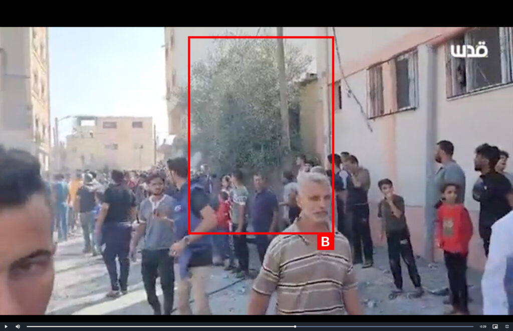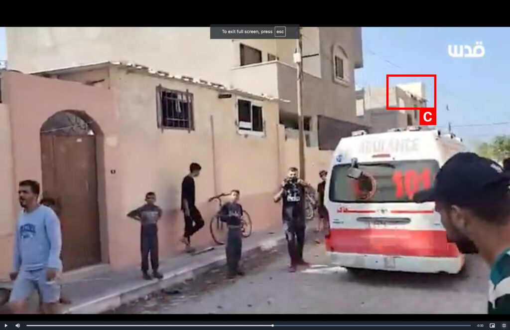 Reports of the incident mention a residential building being struck in the Japanese neighbourhood (الحي الياباني) in Khan Younis (خان يونس). Analysing audio-visual material from sources, we have narrowed the location down to the following exact coordinates: 31.360654, 34.291391.
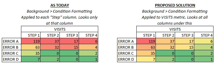 Alternatively, add an option under the conditional formatting to allow it to be added to all columns/cells as a group, or on a column by column basis.
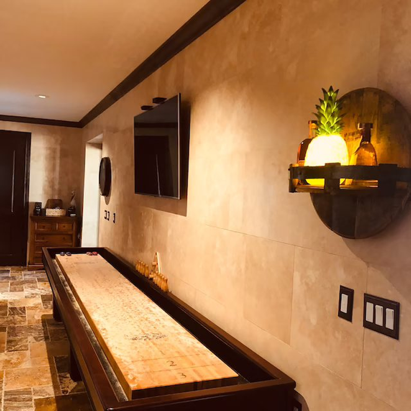 Erforschen Sie elegante Möglichkeiten, Ihre Whisky- oder Weinflaschen zu präsentieren mit unserem handgemachten wandmontierten Weinregal. Jedes Regal wird aus wiederverwendeten Bourbonfässern gefertigt, was es nicht nur nachhaltig, sondern auch zu einem Unikat macht. Die Kombination aus exquisitem Design und praktischer Anwendbarkeit macht dieses Regal zum idealen Blickfang in Ihrer Bar oder Küche. Genießen Sie die Anmut des Eichenholzes, das durch eine Polyurethan-Beschichtung strahlt, während Sie Ihre Getränke stilvoll zur Schau stellen.
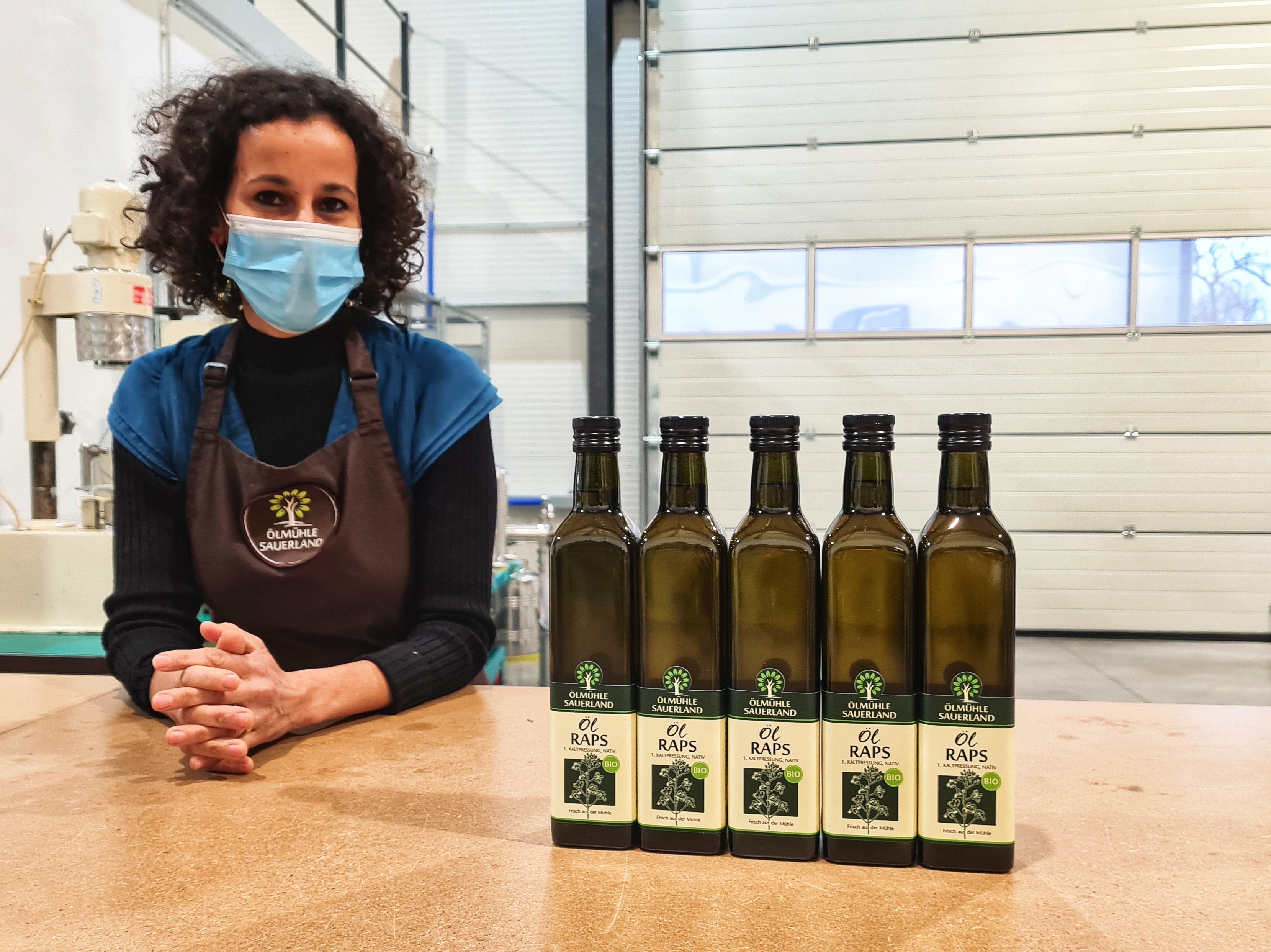 Bevor wir in die Küche gehen, müssen wir allerdings im Badezimmer starten… Denn bestimmt verbindest du den Begriff „Arganöl“ auch eher mit Kosmetik und Körperpflege als mit leckerem Essen!? Reich an Antioxidantien, mit antibakterieller, feuchtigskeitsspendender Wirkung – auch Fatima Knoff weiß diese natürliche Kostbarkeit zu schätzen: Für sie ist es Heimat, denn nur in Marokko wachsen die entsprechenden Arganbäume; für sie ist es aber auch Überzeugung, denn sie kennt die vielfältigen Einsatzmöglichkeiten des flüssigen Goldes. Schon seit fünfzehn Jahren importiert sie gemeinsam mit Ehemann Alexander Knoff pflegende Hautöle; Ende 2017 wendeten sich die Beiden dann dem Speiseöl zu und gründeten in Iserlohn die „Ölmühle Sauerland“, um auch regionalen Saaten eine Chance zu geben.
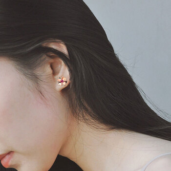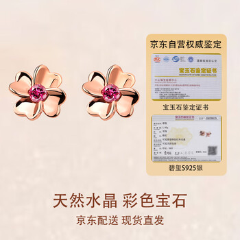 JOLEE耳钉彩色宝石碧玺S925银时尚玫瑰金色幸运草饰品送女生新年礼物
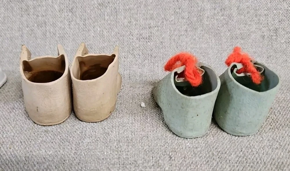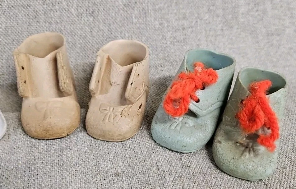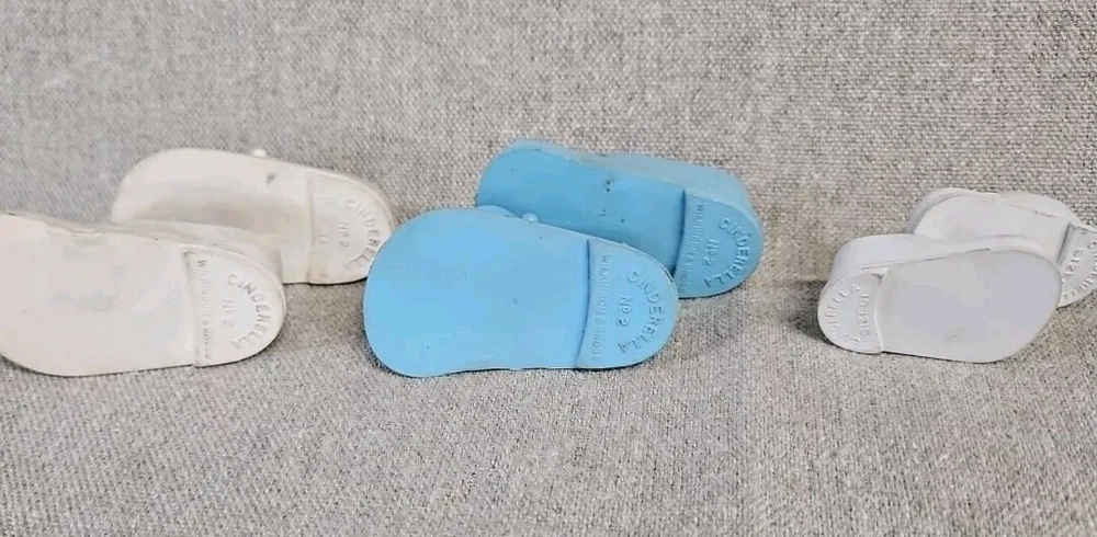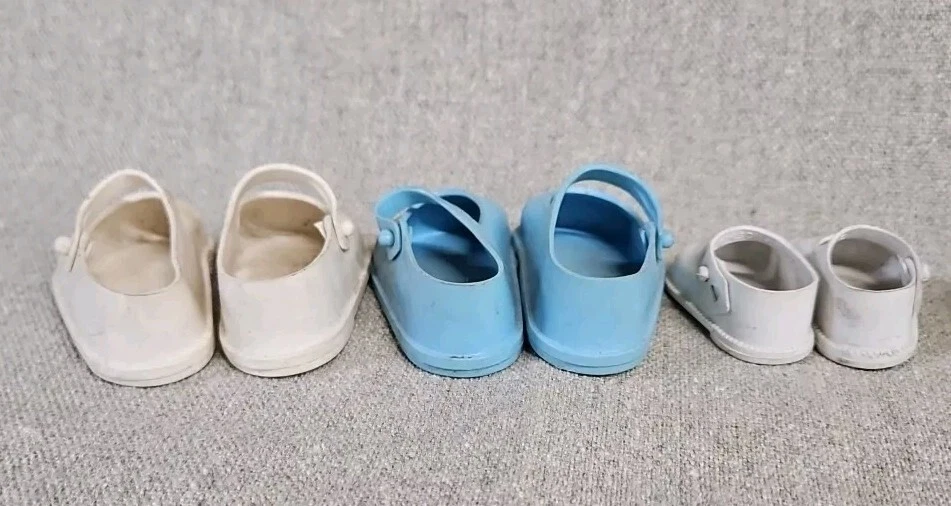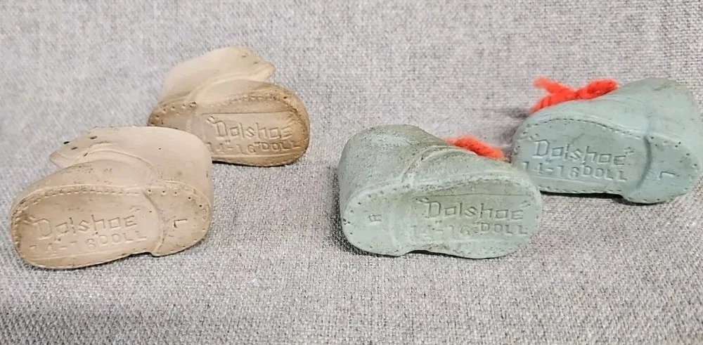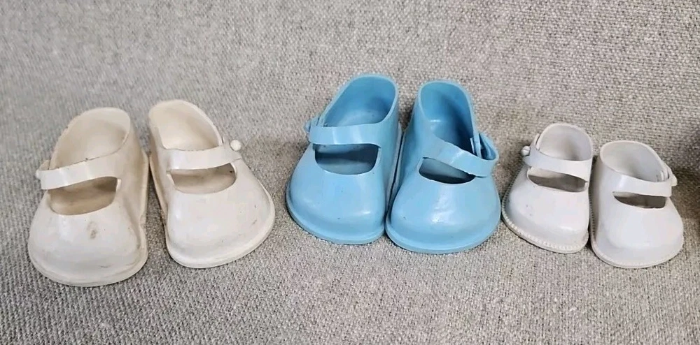 These are old. The Dolshoe brand shoes are fragile and have some damage as shown by photos. The Cinderella brand Mary Jane's are in good condition but need some cleaning.
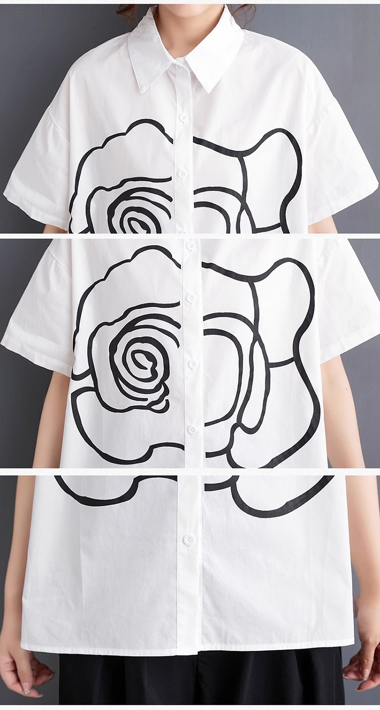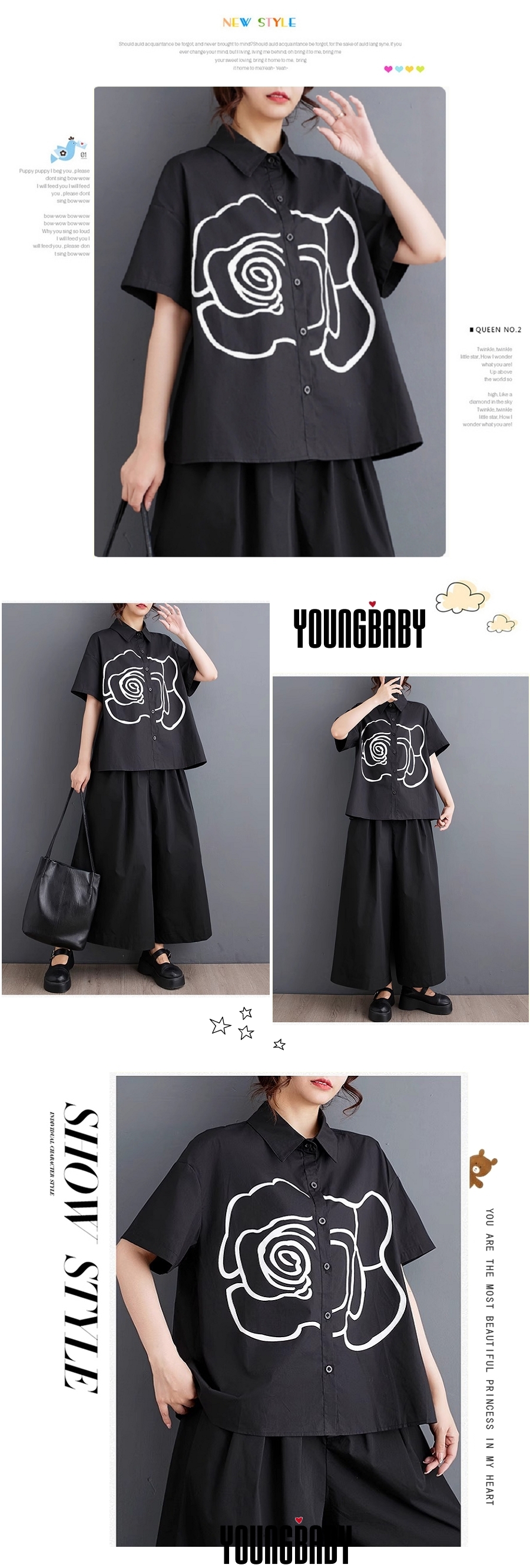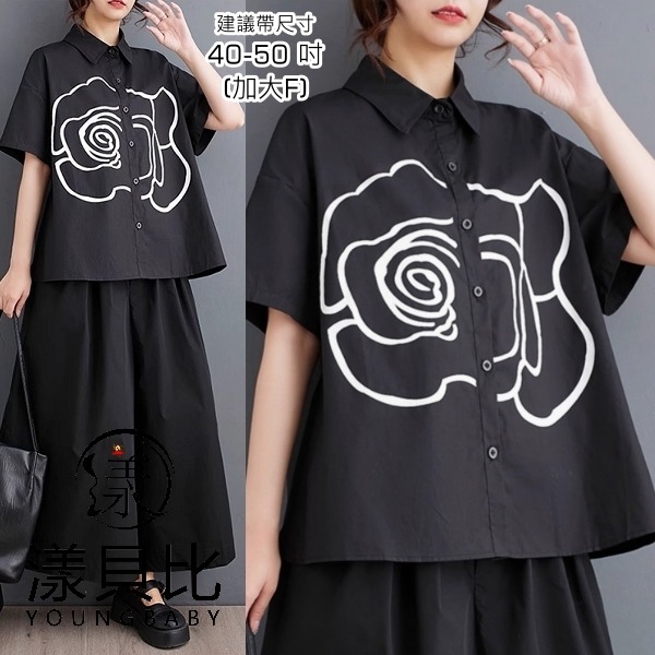 漾貝比【9155551】中大尺碼女裝 簡約盛開玫瑰開釦襯衫.黑(40-50)
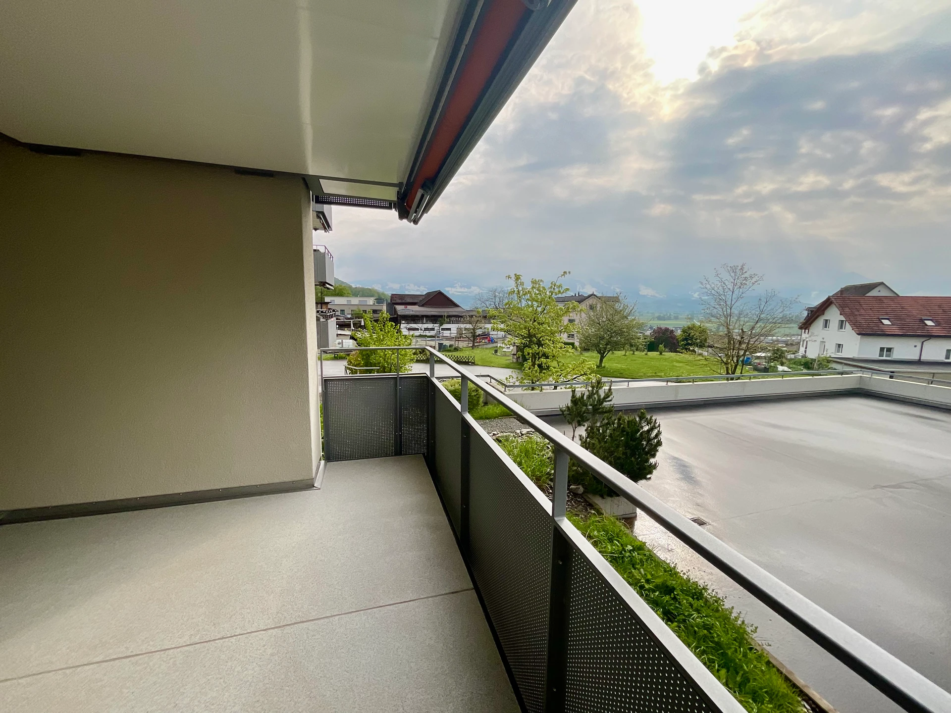 Diese 2.5-Zimmer-Wohnung oberhalb von Tuggen ist ideal für Singles oder Paare, die ein komfortables Zuhause suchen. Mit einer Wohnfläche von 72 Quadratmetern ist sie geräumig genug, um ein angenehmes Wohnen zu gewährleisten. Der Balkon mit einer Fläche von 10 Quadratmetern bietet einen schönen Blick auf die Glarner Alpen und ist perfekt, um im Sommer zu entspannen.
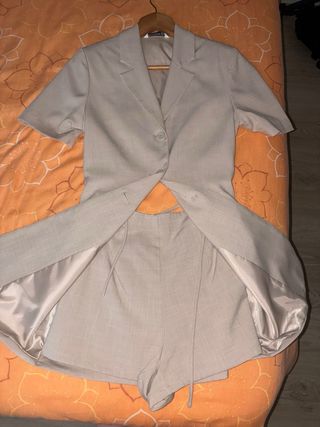 Vestido estilo blazer en color beige, con un diseño moderno y elegante. - Pantalón incluido. - Espalda descubierta con cordones. - Manga corta. - Usado solo una vez
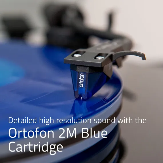 Savor the rich sound of the Ortofon 2M Blue elliptical stylus delivering improved linearity, higher channel separation and reduced distortion. The servo-controlled belt drive motor maintains an accurate speed while the acrylic platter, high mass MDF wood plinth and vibration isolation feet inhibit the transfer of unwanted resonance allowing for greater low frequency signal pickup and improved imaging.

◆ ◆ ◆

Activity:
Using the listing above, reproduce word for word every line from the one containing "漾貝比【9155551】中大尺碼女裝 簡約盛開玫瑰開釦襯衫.黑(40-50)" through the one containing "Vestido estilo blazer". Pictures must be left out.

Output for this exercise:
 漾貝比【9155551】中大尺碼女裝 簡約盛開玫瑰開釦襯衫.黑(40-50)
 Diese 2.5-Zimmer-Wohnung oberhalb von Tuggen ist ideal für Singles oder Paare, die ein komfortables Zuhause suchen. Mit einer Wohnfläche von 72 Quadratmetern ist sie geräumig genug, um ein angenehmes Wohnen zu gewährleisten. Der Balkon mit einer Fläche von 10 Quadratmetern bietet einen schönen Blick auf die Glarner Alpen und ist perfekt, um im Sommer zu entspannen.
 Vestido estilo blazer en color beige, con un diseño moderno y elegante. - Pantalón incluido. - Espalda descubierta con cordones. - Manga corta. - Usado solo una vez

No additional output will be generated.